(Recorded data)
▶

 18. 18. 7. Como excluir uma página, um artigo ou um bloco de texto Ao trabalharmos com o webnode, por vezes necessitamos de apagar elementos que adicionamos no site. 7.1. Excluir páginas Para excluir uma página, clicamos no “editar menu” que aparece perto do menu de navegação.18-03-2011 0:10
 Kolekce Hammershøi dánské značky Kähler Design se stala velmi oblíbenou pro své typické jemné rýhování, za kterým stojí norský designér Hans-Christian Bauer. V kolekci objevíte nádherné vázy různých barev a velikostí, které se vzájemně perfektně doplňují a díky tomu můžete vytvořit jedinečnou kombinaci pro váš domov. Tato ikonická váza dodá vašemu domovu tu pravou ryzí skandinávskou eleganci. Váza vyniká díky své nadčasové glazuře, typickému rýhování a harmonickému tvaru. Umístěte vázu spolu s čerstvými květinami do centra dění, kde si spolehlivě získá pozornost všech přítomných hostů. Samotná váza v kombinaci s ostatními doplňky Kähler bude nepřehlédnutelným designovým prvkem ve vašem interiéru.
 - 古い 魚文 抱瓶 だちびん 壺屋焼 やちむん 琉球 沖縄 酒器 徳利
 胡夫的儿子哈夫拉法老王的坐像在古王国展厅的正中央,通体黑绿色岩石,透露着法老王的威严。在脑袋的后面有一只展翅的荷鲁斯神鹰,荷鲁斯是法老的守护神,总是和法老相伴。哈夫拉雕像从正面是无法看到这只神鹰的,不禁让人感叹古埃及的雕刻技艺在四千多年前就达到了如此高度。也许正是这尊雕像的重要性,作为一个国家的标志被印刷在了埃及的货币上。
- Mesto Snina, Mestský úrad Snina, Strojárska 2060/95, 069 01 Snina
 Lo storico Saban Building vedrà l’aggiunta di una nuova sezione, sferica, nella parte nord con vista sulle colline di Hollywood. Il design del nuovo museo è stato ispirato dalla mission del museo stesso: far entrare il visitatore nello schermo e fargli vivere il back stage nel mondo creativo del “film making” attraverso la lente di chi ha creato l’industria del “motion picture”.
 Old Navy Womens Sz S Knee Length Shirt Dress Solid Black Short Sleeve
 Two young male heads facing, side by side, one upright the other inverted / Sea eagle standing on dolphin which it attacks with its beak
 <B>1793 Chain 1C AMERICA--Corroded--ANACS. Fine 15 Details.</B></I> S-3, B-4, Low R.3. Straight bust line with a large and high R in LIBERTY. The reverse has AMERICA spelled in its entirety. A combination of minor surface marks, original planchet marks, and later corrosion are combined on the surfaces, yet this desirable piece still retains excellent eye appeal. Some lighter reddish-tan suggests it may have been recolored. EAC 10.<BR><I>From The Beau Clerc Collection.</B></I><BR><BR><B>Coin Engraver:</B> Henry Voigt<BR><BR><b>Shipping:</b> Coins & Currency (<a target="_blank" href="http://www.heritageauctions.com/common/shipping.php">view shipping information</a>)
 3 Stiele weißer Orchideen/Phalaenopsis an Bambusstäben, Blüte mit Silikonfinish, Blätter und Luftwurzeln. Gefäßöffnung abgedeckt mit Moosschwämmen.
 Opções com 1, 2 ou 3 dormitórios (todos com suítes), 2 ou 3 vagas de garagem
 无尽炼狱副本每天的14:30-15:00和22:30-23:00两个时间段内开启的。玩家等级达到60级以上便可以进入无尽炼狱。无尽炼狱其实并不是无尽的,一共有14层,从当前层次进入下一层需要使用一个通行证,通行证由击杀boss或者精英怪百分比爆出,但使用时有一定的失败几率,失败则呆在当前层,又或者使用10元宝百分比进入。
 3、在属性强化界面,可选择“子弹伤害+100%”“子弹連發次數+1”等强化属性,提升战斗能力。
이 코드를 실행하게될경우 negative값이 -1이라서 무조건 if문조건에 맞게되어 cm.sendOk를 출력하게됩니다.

◀

Every entry that appears above should be duplicated exactly.

 18. 18. 7. Como excluir uma página, um artigo ou um bloco de texto Ao trabalharmos com o webnode, por vezes necessitamos de apagar elementos que adicionamos no site. 7.1. Excluir páginas Para excluir uma página, clicamos no “editar menu” que aparece perto do menu de navegação.18-03-2011 0:10
 Kolekce Hammershøi dánské značky Kähler Design se stala velmi oblíbenou pro své typické jemné rýhování, za kterým stojí norský designér Hans-Christian Bauer. V kolekci objevíte nádherné vázy různých barev a velikostí, které se vzájemně perfektně doplňují a díky tomu můžete vytvořit jedinečnou kombinaci pro váš domov. Tato ikonická váza dodá vašemu domovu tu pravou ryzí skandinávskou eleganci. Váza vyniká díky své nadčasové glazuře, typickému rýhování a harmonickému tvaru. Umístěte vázu spolu s čerstvými květinami do centra dění, kde si spolehlivě získá pozornost všech přítomných hostů. Samotná váza v kombinaci s ostatními doplňky Kähler bude nepřehlédnutelným designovým prvkem ve vašem interiéru.
 - 古い 魚文 抱瓶 だちびん 壺屋焼 やちむん 琉球 沖縄 酒器 徳利
 胡夫的儿子哈夫拉法老王的坐像在古王国展厅的正中央,通体黑绿色岩石,透露着法老王的威严。在脑袋的后面有一只展翅的荷鲁斯神鹰,荷鲁斯是法老的守护神,总是和法老相伴。哈夫拉雕像从正面是无法看到这只神鹰的,不禁让人感叹古埃及的雕刻技艺在四千多年前就达到了如此高度。也许正是这尊雕像的重要性,作为一个国家的标志被印刷在了埃及的货币上。
- Mesto Snina, Mestský úrad Snina, Strojárska 2060/95, 069 01 Snina
 Lo storico Saban Building vedrà l’aggiunta di una nuova sezione, sferica, nella parte nord con vista sulle colline di Hollywood. Il design del nuovo museo è stato ispirato dalla mission del museo stesso: far entrare il visitatore nello schermo e fargli vivere il back stage nel mondo creativo del “film making” attraverso la lente di chi ha creato l’industria del “motion picture”.
 Old Navy Womens Sz S Knee Length Shirt Dress Solid Black Short Sleeve
 Two young male heads facing, side by side, one upright the other inverted / Sea eagle standing on dolphin which it attacks with its beak
 <B>1793 Chain 1C AMERICA--Corroded--ANACS. Fine 15 Details.</B></I> S-3, B-4, Low R.3. Straight bust line with a large and high R in LIBERTY. The reverse has AMERICA spelled in its entirety. A combination of minor surface marks, original planchet marks, and later corrosion are combined on the surfaces, yet this desirable piece still retains excellent eye appeal. Some lighter reddish-tan suggests it may have been recolored. EAC 10.<BR><I>From The Beau Clerc Collection.</B></I><BR><BR><B>Coin Engraver:</B> Henry Voigt<BR><BR><b>Shipping:</b> Coins & Currency (<a target="_blank" href="http://www.heritageauctions.com/common/shipping.php">view shipping information</a>)
 3 Stiele weißer Orchideen/Phalaenopsis an Bambusstäben, Blüte mit Silikonfinish, Blätter und Luftwurzeln. Gefäßöffnung abgedeckt mit Moosschwämmen.
 Opções com 1, 2 ou 3 dormitórios (todos com suítes), 2 ou 3 vagas de garagem
 无尽炼狱副本每天的14:30-15:00和22:30-23:00两个时间段内开启的。玩家等级达到60级以上便可以进入无尽炼狱。无尽炼狱其实并不是无尽的,一共有14层,从当前层次进入下一层需要使用一个通行证,通行证由击杀boss或者精英怪百分比爆出,但使用时有一定的失败几率,失败则呆在当前层,又或者使用10元宝百分比进入。
 3、在属性强化界面,可选择“子弹伤害+100%”“子弹連發次數+1”等强化属性,提升战斗能力。
이 코드를 실행하게될경우 negative값이 -1이라서 무조건 if문조건에 맞게되어 cm.sendOk를 출력하게됩니다.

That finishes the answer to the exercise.